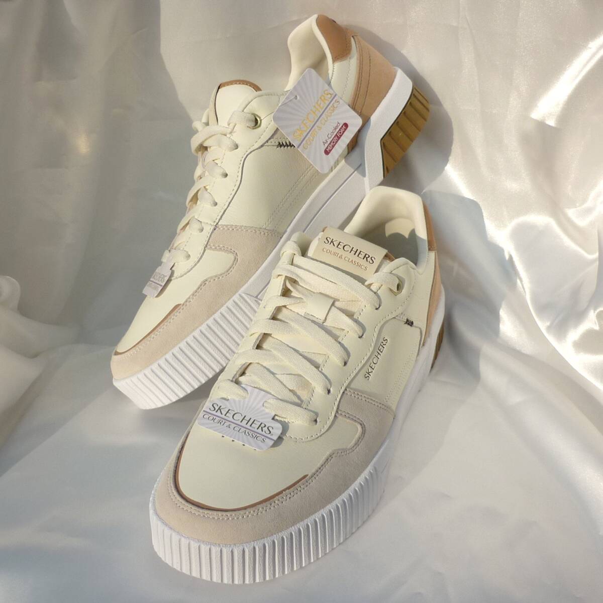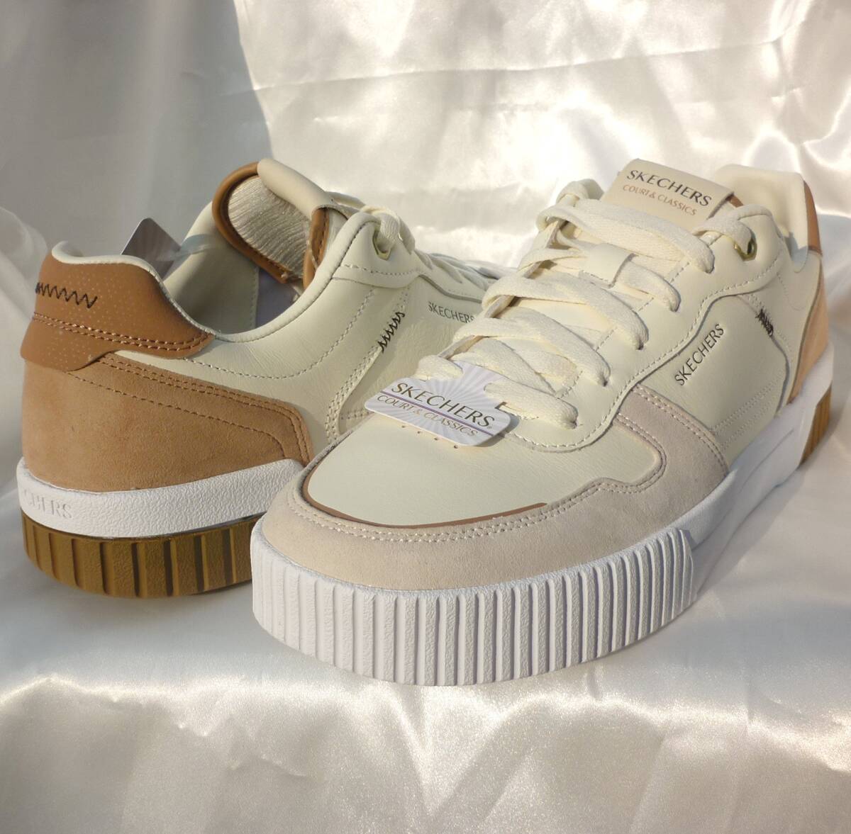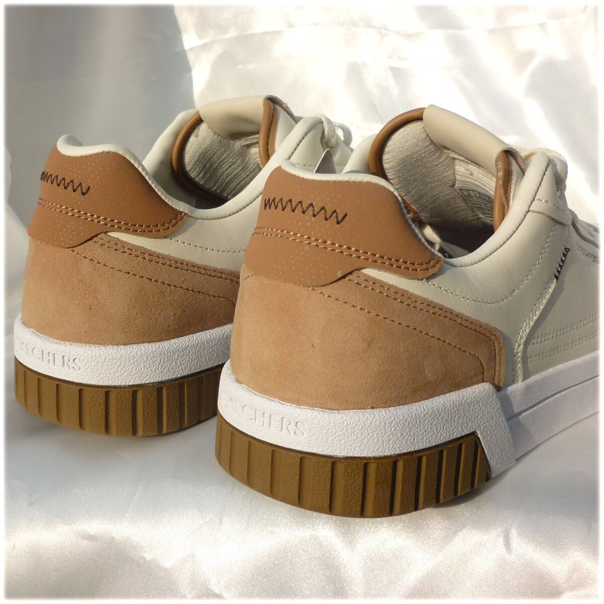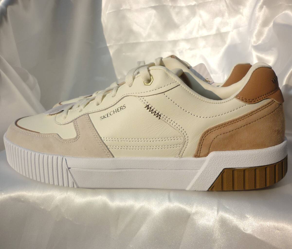 新品未使用品です優雅なコート スタイルを楽しめるスケッチャーズ ジェイド - コボス。ロートップのレースアップシューズ。スエードのオーバーレイが付いたレザー製アッパー、バルガナイズ(加硫)処理のミッドソール、クッション性のあるSkechers Air-Cooled Memory Foam(スケッチャーズ エアクールドメモリーフォーム)を採用した快適なインソールが特長です。クッション性のあるSkechers Air-Cooled Memory Foam(スケッチャーズ エアクールドメモリーフォーム)コンフォートインソールスエードのオーバーレイが付いたレザー製アッパーのレースアップ コートスタイル スニーカーバルカナイズ製法の衝撃吸収ミッドソールフレキシブルでトラクション性の高いアウトソールヒールの高さは約3.18cm(1 1/4インチ)スケッチャーズ正規品(直営店で購入) 品番254040-NTBR 定価11550円 326サイズ感:小さめ。0.5cm大きめをご検討下さい。(個人差がございますので、あくまでも目安ですが今までにご購入いただいたお客様はそれで丁度よかったとの声をいただいております)★商品タグは26.5cmですが26cmのカテゴリーに出品しております。
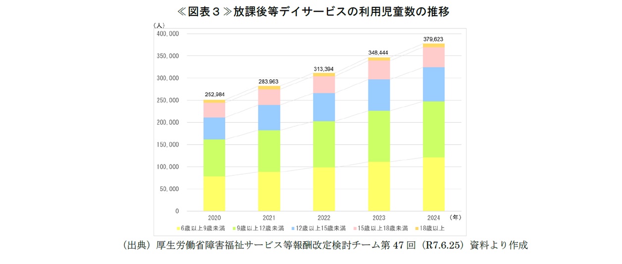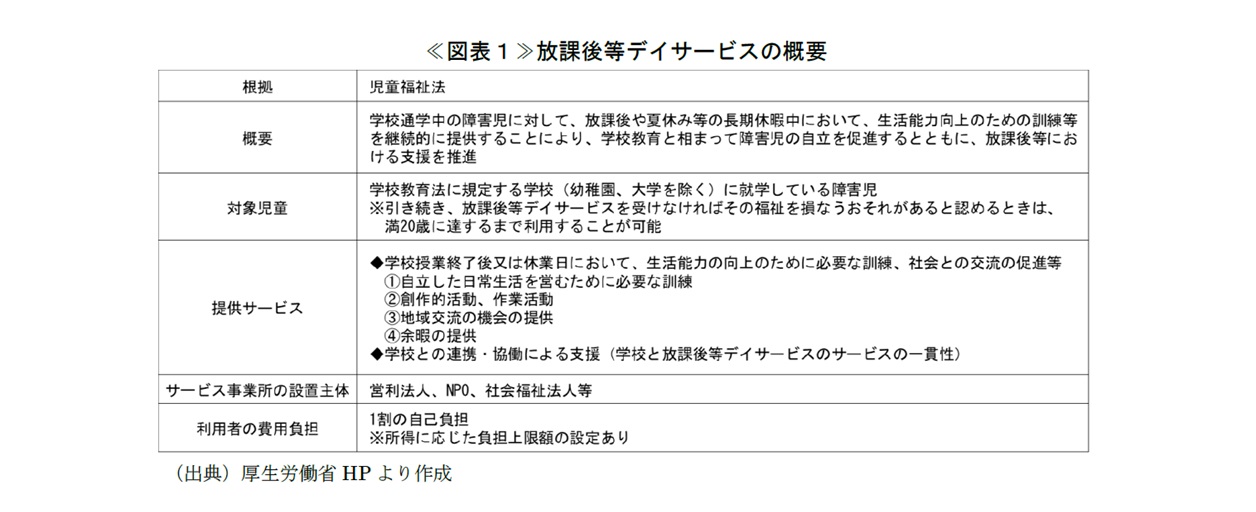 障害者を支援する制度は、原則18歳で児童福祉法から障害者総合支援法に基づく制度へと切り替わる。「放課後等デイサービス」は児童福祉法に基づく制度であり、学齢期における放課後や夏休み等における支援の充実のため、2012年に創設された。原則として学校教育法に規定する学校(幼稚園、大学を除く)に就学している6歳から18歳までの障害児を対象としている≪図表1≫。
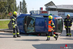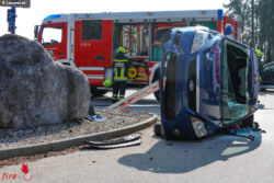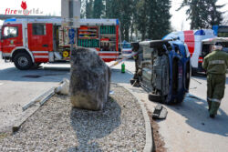 Oö: Stein übersehen → Auto bei Unfall in Hörsching umgekippt
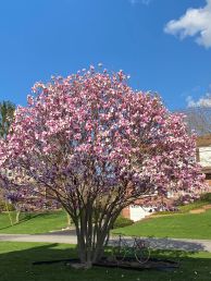 Because of Corona, the younger boys, the little Cavadoodle and I take a walk around the neighborhood every day. They are usually on a scooter or skateboard and I’m usually saying inane things like, “Look at that beautiful purple flower which I don’t know the name of….” We are becoming more in tune with nature and the tiny changes of the season that we would never have noticed had we been in our hectic schedule of gymnastics, hockey, basketball and on and on. It’s a time of growth for us.
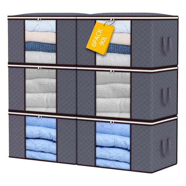 90L Storage Bags 6Pack - Large Capacity Clothes Storage Bags with Zips - Foldable - Breathable Fabric
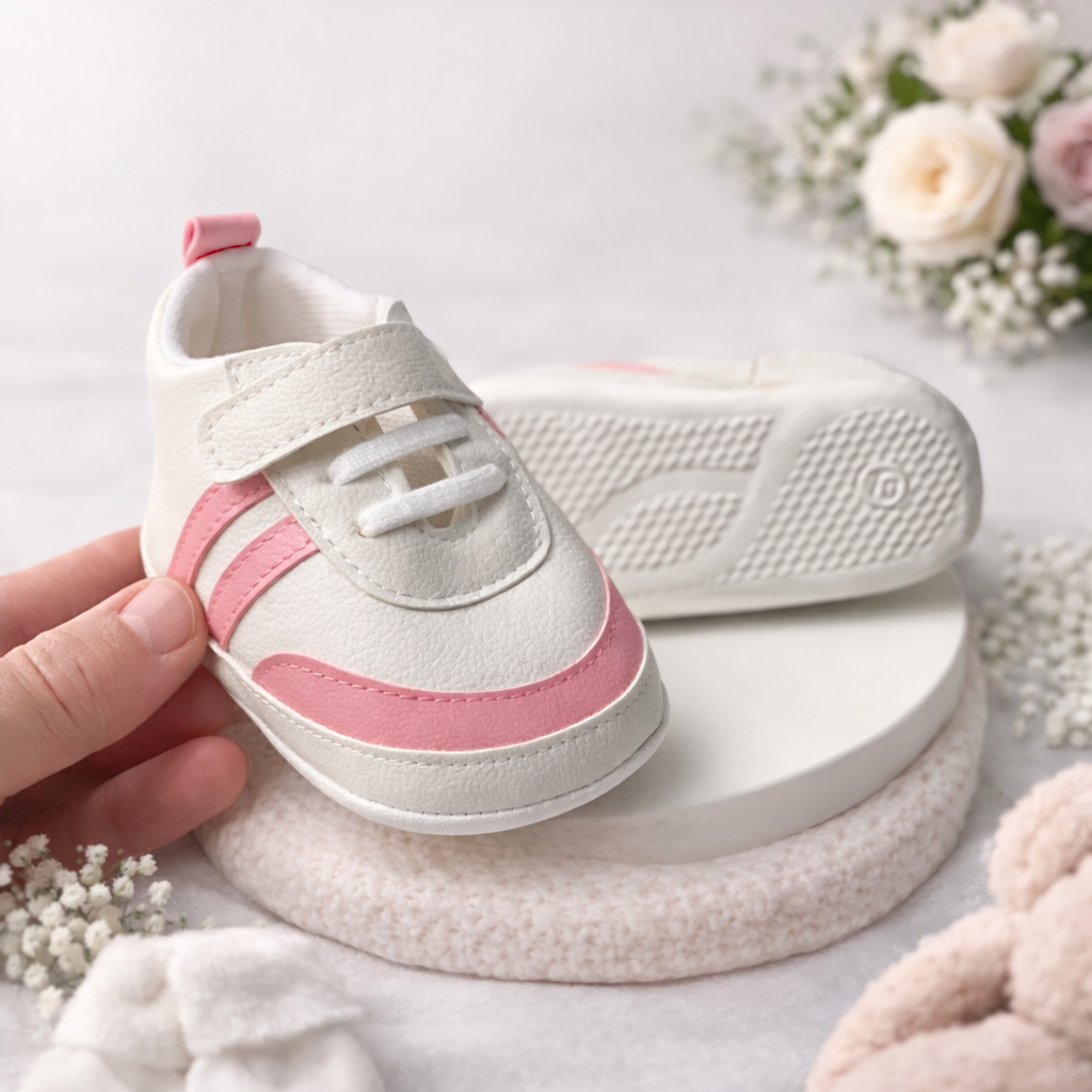 Adidasi pentru bebelusi marca BEBLUX, de culoare alb cu accente de roz, cu design modern si sistem de inchidere cu arici pentru o fixare usoara si rapida. Modelul este practic si usor de incaltat, ideal pentru parinti.
+ + + +
* **REQUIREMENT**: Output the listing exactly, pictures excluded.

* **TASK OUTPUT**:
 新品未使用品です優雅なコート スタイルを楽しめるスケッチャーズ ジェイド - コボス。ロートップのレースアップシューズ。スエードのオーバーレイが付いたレザー製アッパー、バルガナイズ(加硫)処理のミッドソール、クッション性のあるSkechers Air-Cooled Memory Foam(スケッチャーズ エアクールドメモリーフォーム)を採用した快適なインソールが特長です。クッション性のあるSkechers Air-Cooled Memory Foam(スケッチャーズ エアクールドメモリーフォーム)コンフォートインソールスエードのオーバーレイが付いたレザー製アッパーのレースアップ コートスタイル スニーカーバルカナイズ製法の衝撃吸収ミッドソールフレキシブルでトラクション性の高いアウトソールヒールの高さは約3.18cm(1 1/4インチ)スケッチャーズ正規品(直営店で購入) 品番254040-NTBR 定価11550円 326サイズ感:小さめ。0.5cm大きめをご検討下さい。(個人差がございますので、あくまでも目安ですが今までにご購入いただいたお客様はそれで丁度よかったとの声をいただいております)★商品タグは26.5cmですが26cmのカテゴリーに出品しております。
 障害者を支援する制度は、原則18歳で児童福祉法から障害者総合支援法に基づく制度へと切り替わる。「放課後等デイサービス」は児童福祉法に基づく制度であり、学齢期における放課後や夏休み等における支援の充実のため、2012年に創設された。原則として学校教育法に規定する学校(幼稚園、大学を除く)に就学している6歳から18歳までの障害児を対象としている≪図表1≫。
 Oö: Stein übersehen → Auto bei Unfall in Hörsching umgekippt
 Because of Corona, the younger boys, the little Cavadoodle and I take a walk around the neighborhood every day. They are usually on a scooter or skateboard and I’m usually saying inane things like, “Look at that beautiful purple flower which I don’t know the name of….” We are becoming more in tune with nature and the tiny changes of the season that we would never have noticed had we been in our hectic schedule of gymnastics, hockey, basketball and on and on. It’s a time of growth for us.
 90L Storage Bags 6Pack - Large Capacity Clothes Storage Bags with Zips - Foldable - Breathable Fabric
 Adidasi pentru bebelusi marca BEBLUX, de culoare alb cu accente de roz, cu design modern si sistem de inchidere cu arici pentru o fixare usoara si rapida. Modelul este practic si usor de incaltat, ideal pentru parinti.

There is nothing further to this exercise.